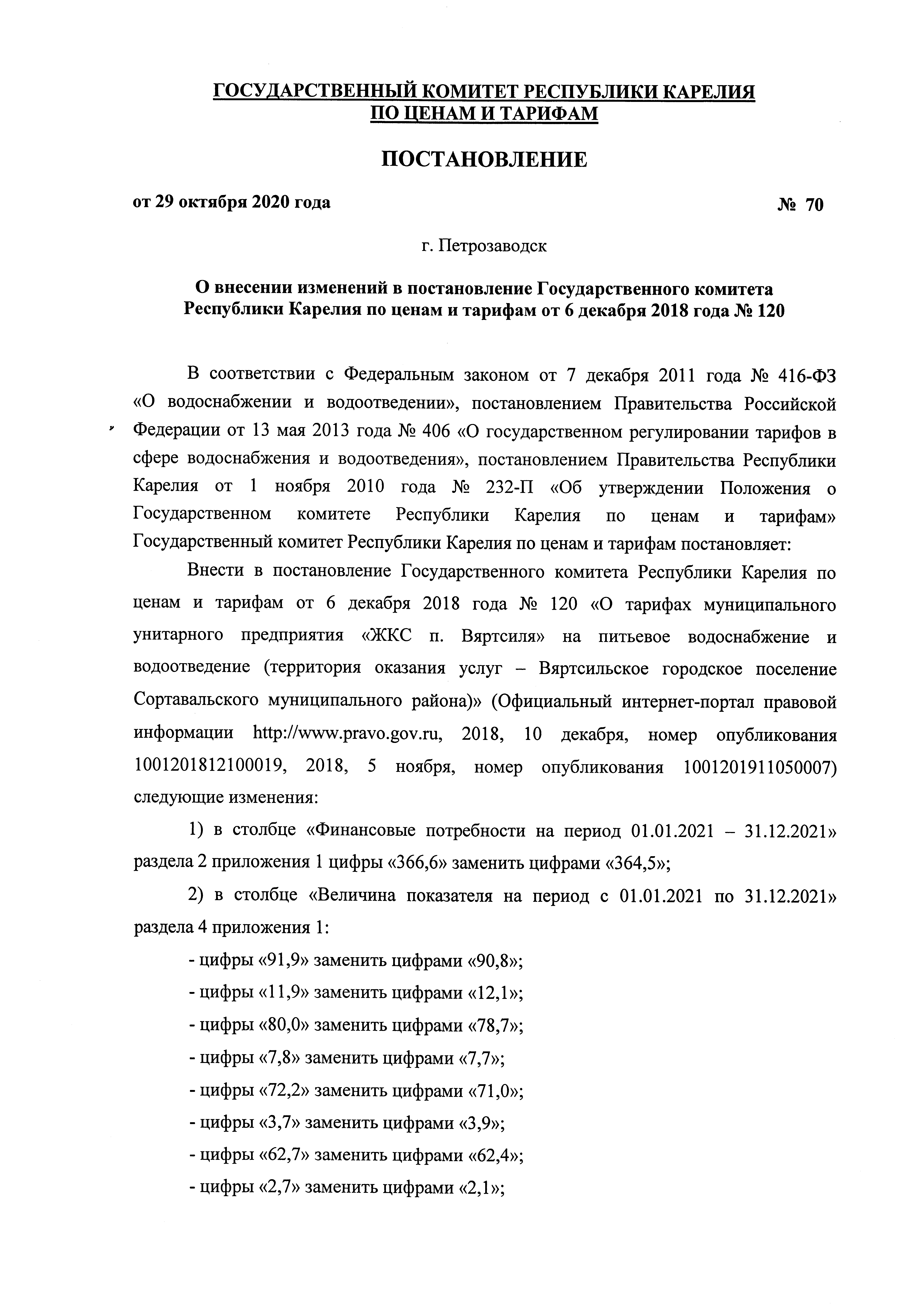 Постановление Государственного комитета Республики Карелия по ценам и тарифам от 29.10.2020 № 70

---

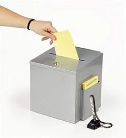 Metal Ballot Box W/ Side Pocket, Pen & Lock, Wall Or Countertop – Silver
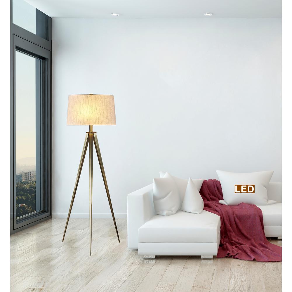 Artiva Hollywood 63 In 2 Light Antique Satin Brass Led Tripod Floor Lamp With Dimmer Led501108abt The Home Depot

==

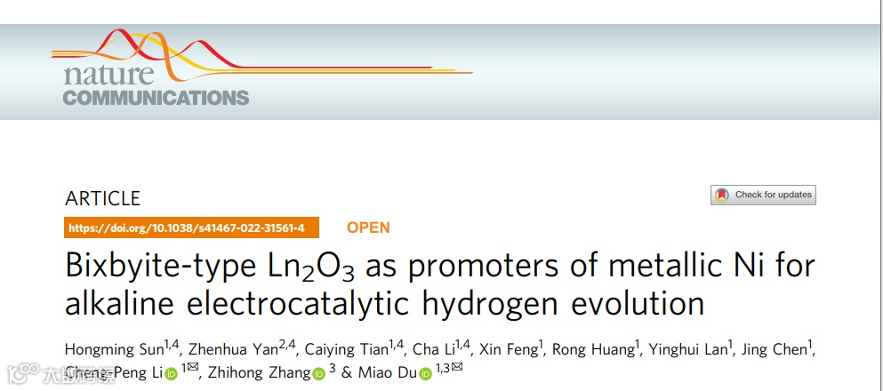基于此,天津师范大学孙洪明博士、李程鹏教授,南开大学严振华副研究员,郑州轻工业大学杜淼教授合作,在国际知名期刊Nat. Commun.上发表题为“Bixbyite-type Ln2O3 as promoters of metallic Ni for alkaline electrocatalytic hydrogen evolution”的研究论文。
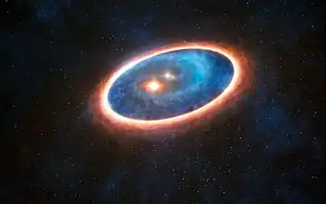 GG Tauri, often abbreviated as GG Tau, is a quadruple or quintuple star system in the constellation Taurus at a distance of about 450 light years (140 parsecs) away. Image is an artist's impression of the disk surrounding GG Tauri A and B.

_What you have to do_
Give back exactly the lines above that run from the one with "Metal Ballot Box" to the one with "Artiva Hollywood 63", including both, with the pictures left out.

_Task solution_
 Metal Ballot Box W/ Side Pocket, Pen & Lock, Wall Or Countertop – Silver
 Artiva Hollywood 63 In 2 Light Antique Satin Brass Led Tripod Floor Lamp With Dimmer Led501108abt The Home Depot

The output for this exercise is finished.